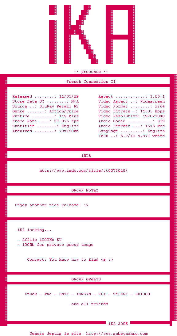 | Voir le nfo de la release French.Connection.II.1975.1080p.BluRay.x264-iKA | iKA | French.Connection.II.1975.1080p.BluRay.x264-iKA OpenSubtitles | 0 fichier | ||
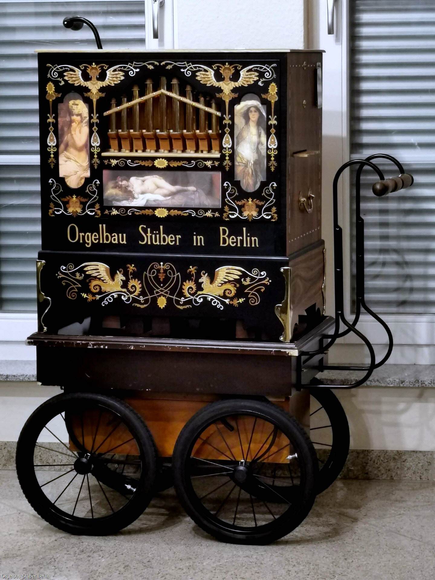 unkomplizierte Straßen-Drehorgel mit ausgewogenem Klang / 31 Pfeifen / 16 Bordunpfeifen / 15 (Pan-) Zauberflöten / Balg mit Doppelschöpfer / aufwendige deutsche Intarsien / massive Messingbeschläge / spielbar mit 31er Musikrollen allen gängigen Hersteller.
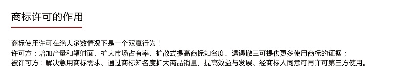 商標(biāo)注冊人可以通過簽訂商標(biāo)使用許可合同,許可他人使用其注冊商標(biāo)。許可他人使用其注冊商標(biāo)的,許可人應(yīng)當(dāng)在許可合同有效期內(nèi)向商標(biāo)局備案并報(bào)送備案材料。備案材料應(yīng)當(dāng)說明注冊商標(biāo)許可人、被許可人、許可期限、許可使用的商品或者服務(wù)范圍等事項(xiàng)。

*-*-*

» DESCRIPTION OF THE TASK
Return the material in full and unaltered, minus its pictures.

» ANSWER BOX
 | Voir le nfo de la release French.Connection.II.1975.1080p.BluRay.x264-iKA | iKA | French.Connection.II.1975.1080p.BluRay.x264-iKA OpenSubtitles | 0 fichier | ||
 unkomplizierte Straßen-Drehorgel mit ausgewogenem Klang / 31 Pfeifen / 16 Bordunpfeifen / 15 (Pan-) Zauberflöten / Balg mit Doppelschöpfer / aufwendige deutsche Intarsien / massive Messingbeschläge / spielbar mit 31er Musikrollen allen gängigen Hersteller.
 商標(biāo)注冊人可以通過簽訂商標(biāo)使用許可合同,許可他人使用其注冊商標(biāo)。許可他人使用其注冊商標(biāo)的,許可人應(yīng)當(dāng)在許可合同有效期內(nèi)向商標(biāo)局備案并報(bào)送備案材料。備案材料應(yīng)當(dāng)說明注冊商標(biāo)許可人、被許可人、許可期限、許可使用的商品或者服務(wù)范圍等事項(xiàng)。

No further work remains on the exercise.